You must enable monitoring explicitly on each ksqlDB server. To enable it in a Docker-based deployment, export an environment variable named KSQL_JMX_OPTS with your JMX configuration and expose the port that JMX will communicate over.

The following Docker Compose example shows how you can configure monitoring for ksqlDB server. The surrounding components, like the broker and CLI, are omitted for brevity. You can see an example of a complete setup in the quickstart.

ksqldb-server:
  image: confluentinc/ksqldb-server:0.29.0
  hostname: ksqldb-server
  container_name: ksqldb-server
  depends_on:
    - broker
    - schema-registry
  ports:
    - "8088:8088"
    - "1099:1099"
  environment:
    KSQL_LISTENERS: "http://0.0.0.0:8088"
    KSQL_BOOTSTRAP_SERVERS: "broker:9092"
    KSQL_KSQL_SCHEMA_REGISTRY_URL: "http://schema-registry:8081"
    KSQL_KSQL_LOGGING_PROCESSING_STREAM_AUTO_CREATE: "true"
    KSQL_KSQL_LOGGING_PROCESSING_TOPIC_AUTO_CREATE: "true"
    KSQL_KSQL_QUERY_PULL_METRICS_ENABLED: "true"
    KSQL_JMX_OPTS: >
      -Djava.rmi.server.hostname=localhost
      -Dcom.sun.management.jmxremote
      -Dcom.sun.management.jmxremote.port=1099
      -Dcom.sun.management.jmxremote.authenticate=false
      -Dcom.sun.management.jmxremote.ssl=false
      -Dcom.sun.management.jmxremote.rmi.port=1099

With respect to monitoring, here it what this does:

  • The environment variable KSQL_JMX_OPTS is supplied to the server with various arguments. The > character lets you write a multi-line string in Yaml, which makes this long argument easier to read. The advertised hostname, port, and security settings are configured. JMX has a wide range of configuration options, and you can set these however you like.
  • Port 1099 is exposed, which corresponds to the JMX port set in the KSQL_JMX_OPTS configuration. This enables remote monitoring tools to communicate into ksqlDB’s process.

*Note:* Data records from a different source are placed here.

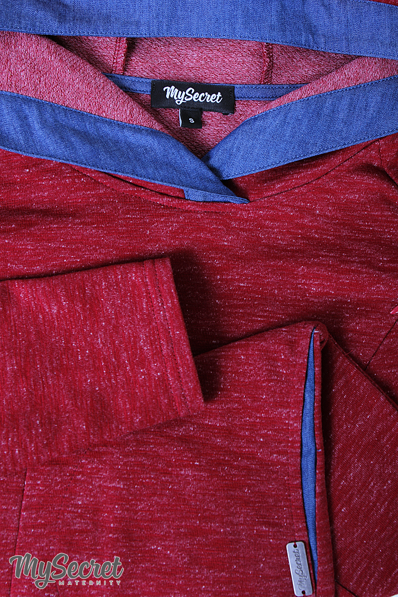 Молодежное платье для беременных и кормления из тонкого трикотажа трехнитка с отделкой из тонкого джинса. Расклешенный к низу фасон, и яркие цветовые акценты (отделка капюшона, низа изделия, карманов из джинса) задают озорной настрой и выглядят очень трендово. В нагрудных рельефах спрятан секрет кормления — потайные молнии. Цвет: бордовый меланж + синий джинс.
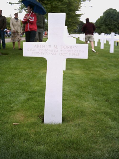 S/Sgt Arthur M. Torrey was a mechanic before he joined the Air Corps of the Regular Army in New Cumberland, Pennsylvania on 26 September 1941.The aircraft was attacked on the way to the target by a German fighter near Dunkirk and took direct hits in #4 engine and the bomb bay.
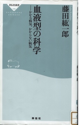私はB型なので、B型に関する記述を注意深く読みました。やはりB型は肺炎になりやすいそうです。結核も同じです。梅毒も重症になりやすい。感染症に弱いB型はあまり人付き合いをしないで、「オタク」になりやすい傾向にあります。私は頷いてしまいます。B型に合う食物は羊肉、鯨、ハマグリ、かめ、ワニだそうです。かめやワニなど食ったことがありませんが、体に良いといわれれば食ってみたい気にもなります。合わないものは豚肉と、なまず、うなぎだそうです。うなぎは今では高くて食えませんが、豚肉が合わないというのは悲しい限りです。私は結構豚肉を食べています。私にはO型も混じっていますから、自分では大丈夫だろうと、このところだけは無視することにしましょう。
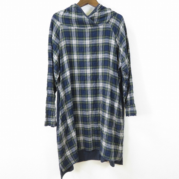 > #a パスアパス pas a pas チュニック 紺系 緑系 マルチ チェック柄 長袖 天然素材 ナチュラル服 コットン 日本製 レディース [972569] k01

Verifying your monitoring setup

An easy way to check that ksqlDB is properly emitting metrics is by using jconsole. JConsole is a graphical monitoring tool to monitor the JVM, and it is included in Oracle JDK installations.

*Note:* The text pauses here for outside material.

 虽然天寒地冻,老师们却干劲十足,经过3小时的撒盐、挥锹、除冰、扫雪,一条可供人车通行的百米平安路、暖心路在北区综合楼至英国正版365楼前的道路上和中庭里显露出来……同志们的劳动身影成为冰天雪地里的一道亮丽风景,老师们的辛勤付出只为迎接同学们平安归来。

On your host machine, run the command:

jconsole

You will be prompted for a host and port. If you used the example configuration above, then entering localhost:1099 will allow JConsole to establish the connection. You should see a series of graphs showing resource utilization. If you don’t, make sure the networking between your machine and the Docker container is configured correctly.